It should definitely take desiderata into account, I just mean it doesn’t have to be VNM. One reason why it might not be VNM is if it’s trying to produce a non-dangerous distribution over possible outcomes rather than an outcome that is not dangerous in expectation; see Quantilizers for an example of this.
In general things like “don’t have side effects” are motivated by robustness desiderata, where we don’t trust the AI to make certain decisions so would rather it be conservative. We might not want the AI to cause X but also not want the AI to cause not-X. Things like this are likely to be non-VNM.
That would just be the normal utility function. The motivation here isn’t finding solutions to low-impact problems, it’s minimizing impact while solving problems. One way to do that is by, well, measuring impact.
This seems to assume a totally-aligned agent and to then ask, “do we need anything else”? Well, no, we don’t need anything beyond an agent which works to further human values just how we want.
But we may not know that the AI is fully aligned, so we might want to install off-buttons and impact measures for extra safety. Furthermore, having large side effects correlates strongly with optimizing away to extreme regions of the solution space; balancing maximizing original utility with minimizing a satisfactory, conservative impact measure (which whitelisting is not yet) bounds our risk in the case where the agent is not totally aligned.
Ok, if I understand your view correctly, the long-term problem is better described as “minimizing impact” rather than “avoiding side effects” and it’s meant to be a second line of defense or a backup safety mechanism rather than a primary one.
Since “Concrete Problems in AI Safety” takes the short/medium term view and introduces “avoiding side effects” as a primary safety mechanism, and some people might not extrapolate correctly from that to the long run, do you know a good introduction to the “avoiding side effects”/”minimizing impact” problem that lays out both the short-term and long-term views?
ETA: Found this and this, however both of them also seem to view “low impact” as a primary safety mechanism, in other words, as a way to get safe and useful work out of advanced AIs before we know how to give them the “right” utility function or otherwise make them fully value aligned.
Whoops, illusion of transparency!
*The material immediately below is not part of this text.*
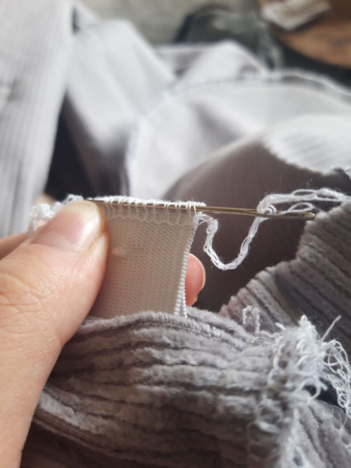 Versäubere die Naht. Ziehe durch das entstandene Loch den Gummi, versäubere ihn und vernähe den Zopf. Zum Schluss schließt du das Loch mit einem Handstich.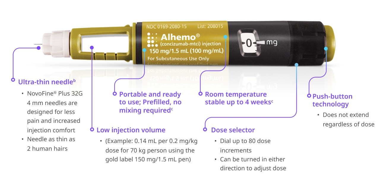 | Alhemo® is the first prophylaxis treatment in a prefilled, subcutaneous pen to prevent or reduce frequency of bleeding episodes in adults and children 12 years of age and older with hemophilia B with inhibitors or hemophilia A with inhibitors. |

The Arbital page is the best I’ve found (for the long-term view); the rest I reasoned on my own and sharpened in some conversations with MIRI staff.
What do you think about Paul Christiano’s argument in the comment to that Arbital page?
Do you think avoiding side effects / low impact could work if an AGI was given a task like “make money” or “win this war” that unavoidably has lots of side effects? If so, can you explain why or give a rough idea of how that might work?
(Feel free not to answer if you don’t have well formed thoughts on these questions. I’m curious what people working on this topic think about these questions, and don’t mean to put you in particular on the spot.)
My current thoughts on this:
It seems like Paul’s proposed solution here depends on the rest of Paul’s scheme working (you need the human’s opinions on what effects are important to be accurate). Of course if Paul’s scheme works in general, then it can be used for avoiding undesirable side effects.
My current understanding of how a task-directed AGI could work is: it has some multi-level world model that is mappable to a human-understood ontology (e.g. an ontology in which there is spacetime and objects), and you give it a goal that is something like “cause this variable here to be this value at this time step”. In general you want causal consequences of changing the variable to happen, but few other effects.
From this paper I wrote:
For things like “make money” there are going to be effects other than you having more money, e.g. some product was sold and others have less money. The hope here is that, since you have ontology mapping, you can (a) enumerate these effects and see if they seem good according to some scoring function (which need not be a utility function; conservatism may be appropriate here), and (b) check that there aren’t additional future consequences not explained by these effects (e.g. that are different from when you take a counterfactual on these effects).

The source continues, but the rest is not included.